If, as seems clear, no academic study of innovation, has ever proposed or defended a ‘linear model of innovation’ it does seem rather odd that historians of sociologists of science and technologists of the 1980s came to believe that this had been so. Perhaps this was because a ‘linear model’ had been implicit in such literature. And yet, as we have see a generation of researchers working in the 1960s and 1970s was clearly either indifferent to or hostile to any implicit ‘linear model.’ But even the earlier academic literature, is not dominated by an implicit ‘the linear model.’ Take the British economists Charles Carter and Bruce Williams who did a great deal of empirical work on innovation in industry in the 1950s.xxxvi They warned of the likelihood of “overestimating the value of research in industry.” In some firms it was


too academic—too little oriented towards commercial needs.

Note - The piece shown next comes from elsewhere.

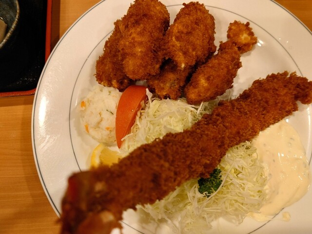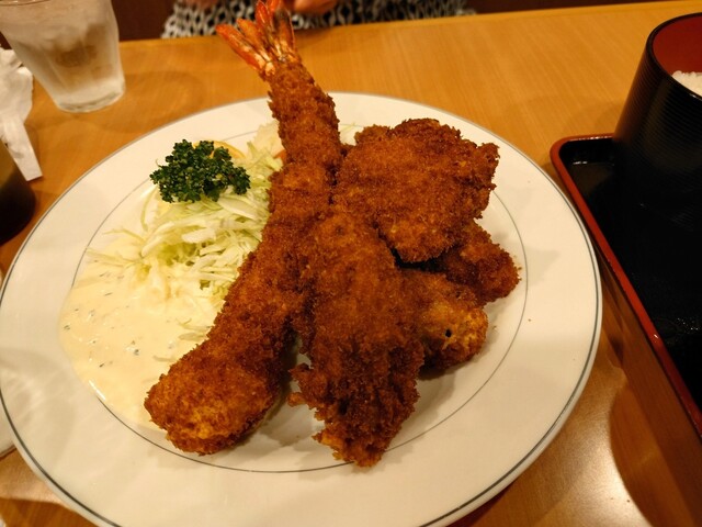 牡蠣エビセット(ご飯少な目)・・・ぷりぷりの大きいエビフライ。何もかも美味しゅうございます。

The misconception underlying the latter waste of scarce scientific resources is that research is naturally a left-to-right process—that is fundamental research produces something which is communicated to the industrial scientist, who performs some applied research and communicates the results to someone else who takes matters a step further. We have not found any cases of successful industrial research where this movement was not accompanied by movement in the opposite direction.xxxvii
Carter and Williams found in their studies that the majority of projects started outside R&D laboratories. If there was a ‘linear model’ it was a bi-directional one, which surely doesn’t count.xxxviii Clearer still is the case of The Sources of Invention by John Jewkes and others of 1958: it has powerful criticisms of many different assumptions that were made about many aspects of invention. They argued that the relations between science and technology were simply not known, that it was not obvious that the scientifically most wealthy country would be the richest, and warned against investing in ‘pure science’ in the expectation of a pay-off.xxxix Sources of Invention was particularly notable as a neo-liberal attack on the bureaucratization of innovation, and the assumption that it was predictable, an important element in one early version of ‘the linear model,’ as we have seen. More generally, in the 1960s at least, economists pointed to the clear lack of positive correlation between expenditures on research and development and economic growth—a clear general argument against the linear model at the macro-level.xl At the same time there was a great emphasis on ‘demand-pull’ models of innovation. It is thus difficult indeed to argue that economists put forward, or believed in, ‘the linear model of innovation.’ They certainly distinguished between ‘science,’ ‘invention,’ ‘innovation,’ ‘diffusion’ and so on, but that doesn’t amount to a model of innovation. The closest I could find to an endorsement by an economist, and then only for heuristic purposes, of something that looks like a linear model, is in a textbook by Rosegger of the 1980s, which refers to ‘stage models.’xli On another dimension it is clear that historians of technology rejected the model of science-technology relations implicit in the linear model, even in the 1940s and 1950s.xlii
My claim is then, that the ‘linear model’ did not exist in even the earliest generations of academic work on innovation. Did then ‘the linear model’ exist elsewhere, for example in the in the writings of scientists and engineers? The academic students of innovation, going back to the 1950s, are all criticizing something which looks a bit like the linear model. Certainly something like it can be found, not least if we see it as a general argument in favor of the utility of ‘theory’ as well as ‘practice,’ of ‘pure’ as well as ‘applied science’ and for the importance of ‘fundamental’ and ‘basic’ research. There is little doubt, for example, that academic research scientists have long made, and continue to make, exaggerated claims for the significance of their work for technological and economic development, and that agencies which came to fund them did the same. These arguments have often had the aim of securing state support. We could, if we wished, label these obviously self-interested claims the ‘linear model’, but to call the propaganda of academics ‘the linear model’ is to flatter the claims, and to avoid stating the obvious: that these are generally claims by academic researchers for the power of academic research. To call it a ‘linear model’, also runs the risk, especially in the context of the current use of the term, of smuggling in the assumption that what academic research scientists said about innovation was the most influential discourse of innovation around. In other words, to believe that ideas about innovation were created by academic research scientists, and diffused out to engineers, to government, to industry and to the public; to believe in a linear model not of innovation, but of ideas about innovation. That second ‘linear model’ is already implicit in the much literature in the history of science, and even technology.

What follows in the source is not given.